The practice is rated as good for the care of families, children and young people. Staff were knowledgeable about child protection and a GP took the lead for safeguarding. Staff put alerts onto a patient’s electronic record when safeguarding concerns were raised. The practice offered family planning advice. Immunisation rates were comparable and sometimes exceeded local CCG benchmarking for all standard childhood immunisations. Urgent access appointments were available for under-fives. The practice had baby feeding and changing facilities available to patients. Patients were signposted to a health trainer working at the practice. The trainer would develop care and support needed for each individual patient to support them in good health.

Older people

Good

Updated 7 January 2016

The practice is rated as good for the care of older people. The practice was knowledgeable about the number and health needs of older patients using the service. Nationally reported data showed that outcomes for patients were good for conditions commonly found in older people. They kept up to date registers of patients’ health conditions. Home visits were made to housebound patients to carry out reviews of their health. The practice worked with other agencies and health providers to provide support and access specialist help when needed. The practice had identified older patients who were at risk of unplanned hospital admissions and developed care plans to support them.
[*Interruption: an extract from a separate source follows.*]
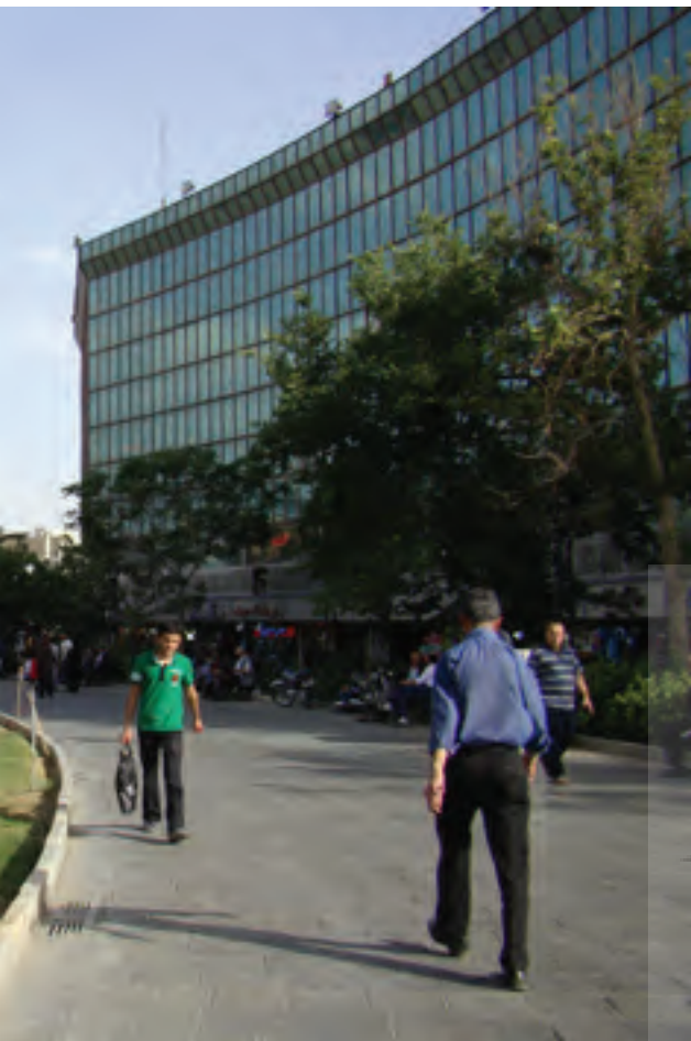
تصویر ۸: عدم تناسب مقیاسی و گونه گیاهان استفاده شده در طرح کاشت.

Working age people (including those recently retired and students)

Good

Updated 7 January 2016

The practice is rated as good for the care of working-age people (including those recently retired and students). The needs of this group had been identified and the practice had adjusted the services it offered to ensure these were accessible, flexible and offered continuity of care. For example the practice offered extended hours, evening telephone appointments and early morning blood tests for working patients. The practice was proactive in offering online services as well as a full range of health promotion and screening that reflects the needs for this age group. H ealth checks were offered to patients who were over 40 years of age to promote patient well-being and prevent any health concerns.
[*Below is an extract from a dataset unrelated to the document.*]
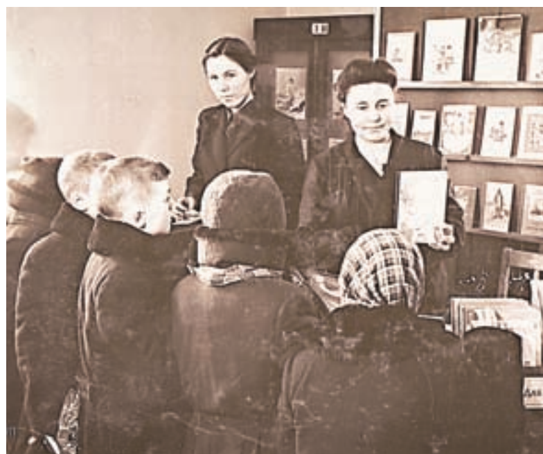
Сотрудники библиотеки в 50-е годы.

People experiencing poor mental health (including people with dementia)

Good

Updated 7 January 2016

The practice is rated as good for the care of people experiencing poor mental health (including people with dementia). The practice referred patients to the appropriate services. The practice maintained a register of patients with mental health problems in order to regularly review their needs. The practice staff liaised with other healthcare professionals to help engage these patients to ensure they attended reviews and various specialists. The practice had onsite access to assessments with the Improving Access To Psychological Therapies (IAPT) team. They also promoted ‘Positive Mental training’ with access to audio downloads and CDs to offer self-help programmes for stress, depression and anxiety and for building confidence, coping and wellbeing. The practice also referred patients to the St Helens Chrysalis Centre (Local charity supporting adult women with mental health problems and domestic violence.)
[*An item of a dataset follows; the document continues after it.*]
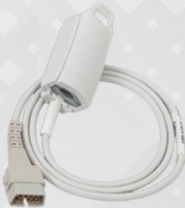
Pulse oximeter Dolphin Oximetry Sensor

People whose circumstances may make them vulnerable

Good

Updated 7 January 2016

The practice is rated as good for the care of people whose circumstances may make them vulnerable. The practice was aware of patients in vulnerable circumstances and ensured they had appropriate access to health care to meet their needs. For example, a register was maintained of patients with a learning disability and annual health care reviews were provided to these patients. All staff were trained and knowledgeable about safeguarding vulnerable patients and had access to the practice’s policy and procedures and had received guidance in this. The practice offered referrals to local food banks for patients and referrals to local carer’s centres. They also supported patients with letters to their local housing offices.